Comprehensive glycosylation profiling of IgG and IgG-fusion proteins by top-down MS with multiple fragmentation techniques

Bao Quoc Tran, Christopher Barton, Jinhua Feng, Aimee Sandjong, Sung Hwan Yoon, Shivangi Awasthi, Tao Liang, Mohd M. Khan, David P A Kilgour, David R. Goodlett*, Young Ah Goo

*Corresponding author for this work

Research output: Contribution to journalArticlepeer-review

37 Scopus citations

Abstract

We employed top- and middle-down analyses with multiple fragmentation techniques including electron transfer dissociation (ETD), electron capture dissociation (ECD), and matrix-assisted laser desorption ionization in-source decay (MALDI-ISD) for characterization of a reference monoclonal antibody (mAb) IgG1 and a fusion IgG protein.
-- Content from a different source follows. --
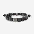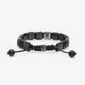 Bracelet monté sur un cordon gris foncé composé de 12 locks et 2 beads en céramique noire : 13 locks de saphir brun, 1 lock en or noir sertis de 2 diamants noirs, 1 lock en or noir serti d’un diamant noir, et 2 beads en céramique noire.
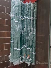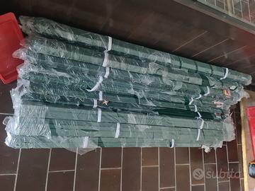Vendo 130 paletti per recinzione in ferro plastificato verde, sezione a "T" da 30x30x3 mm, altezza 125 cm. Tutti i pezzi sono nuovi, mai utilizzati e ancora imballati. Si tratta di materiale acquistato in eccesso rispetto al necessario per un progetto recente.

Fourier transform ion cyclotron resonance (FT-ICR) or high performance liquid chromatography electrospray ionization (HPLC-ESI) on an Orbitrap was employed. These experiments provided a comprehensive view on the protein species; especially for different glycosylation level in these two proteins, which showed good agreement with oligosaccharide profiling. Top- and middle-down MS provided additional information regarding glycosylation sites and different combinational protein species that were not available from oligosaccharide mapping or conventional bottom-up analysis. Finally, incorporating a limited enzymatic digestion by immunoglobulin G-degrading enzyme of Streptococcus pyogene (IdeS) with MALDI-ISD analysis enabled extended sequence coverage of the internal region of protein without pre-fractionation. Biological significance: Oligosaccharide profiling together with top- and middle-down methods enabled: 1) detection of heterogeneous glycosylated protein species and sites in intact IgG1 and fusion proteins with high mass accuracy, 2) estimation of relative abundance levels of protein species in the sample, 3) confirmation of the protein termini structural information, and 4) improved sequence coverage by MALDI-ISD analysis for the internal regions of the proteins without sample pre-fractionation.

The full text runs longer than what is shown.